Monday, August 11, 2008

19th Sunday - homily

‘I would go to Hell for you to go to Heaven’. Is this what St. Paul is saying in the second reading? In his letter to the Romans (chapter 9), he writes: “I could wish that I were accursed and cut off from Christ for the sake of my brethren”. Most scholars think that he is not referring to eternal separation from Christ, but some do. I have thought about this for many years - ever since I first heard this line. Would I go to Hell for others to go to Heaven? I would. I would go to Hell for you to go to Heaven. Now, it’s an exaggerated point that St. Paul and I are making: that we would do anything for your salvation, for your conversion, for your faith in Christ.

Why is faith in Christ so important to St. Paul that he would give up everything for his people to have it? Why is it so paramount? I think that it’s on a couple of levels that he sees the immense value of a life in Christ and wants his people to enjoy it. The first is on a personal level. In his own life, St. Paul found happiness, peace, and joy in Christ – that’s definitely true. But, on a deeper level, he found the meaning of his life in Christ. We always talk about finding ‘the meaning of life’ – it is found in Christ.

St. Paul found his identity in Christ. The more we get to know Christ, the more we get to ourselves – our true identity. St. Paul found his true identity in Christ. He found life itself in Christ. This point, though, about the importance of identity is played out whenever we go to a funeral. We don’t primarily hear about the person’s accomplishments or possessions; we hear much more about their identity – who they were. Our identity is paramount; we find our true identity in Christ.

St. Paul also wanted his people to experience life in Christ for its general value – it is AWE-SOME! It is awesome!! We hear that word so much these days – “that movie was awesome”…”my new car is awesome”. GOD is awesome! We are in awe of God’s power. We are in awe of his love. We are in awe of his presence. This was the experience of St. Paul. This was the experience of the Apostles in the boat. This was the experience of Elijah in the first reading.

It may not have been what they expected, but they were in awe to see God’s power and presence. The Apostle didn’t expect to see Jesus walking on water on quieting the storm. Elijah didn’t expect to find the Lord in a small, quiet way. And yet, they were in awe when they experienced God’s presence. They were in awe when they experienced his power.
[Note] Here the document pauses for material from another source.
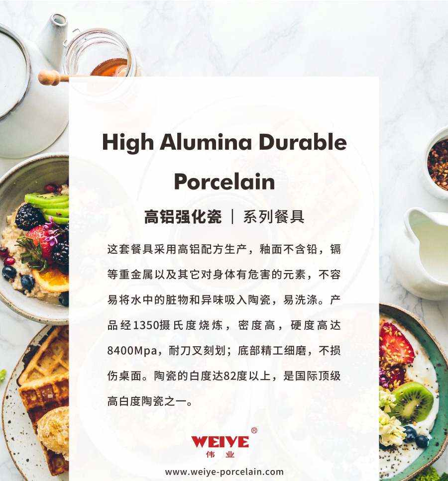这套餐具采用高铝配方生产,釉面不含铅,镉等重金属以及其它对身体有危害的元素,不容易将水中的脏物和异味吸入陶瓷,易洗涤。产品经1350摄氏度烧炼,密度高,硬度高达8400Mpa,耐刀叉刻划;底部精工细磨,不损伤桌面。陶瓷的白度达82度以上,是国际顶级高白度陶瓷之一。

We come to the Eucharist – talk about a way we wouldn’t expect God to come us! In a few moments, He will be among us in a way we wouldn’t expect – small and unspectacular. And yet, He will be among us. He will be with us amid our storms. Just like when the Apostles saw Jesus walking on water and said, ‘it’s a ghost’, so do some people look at Jesus in the Eucharist and say, ‘it’s only a symbol’…’it’s only a representation’. And, Jesus says to us what he said to the Apostles, “take courage, it is I. Do not be afraid”.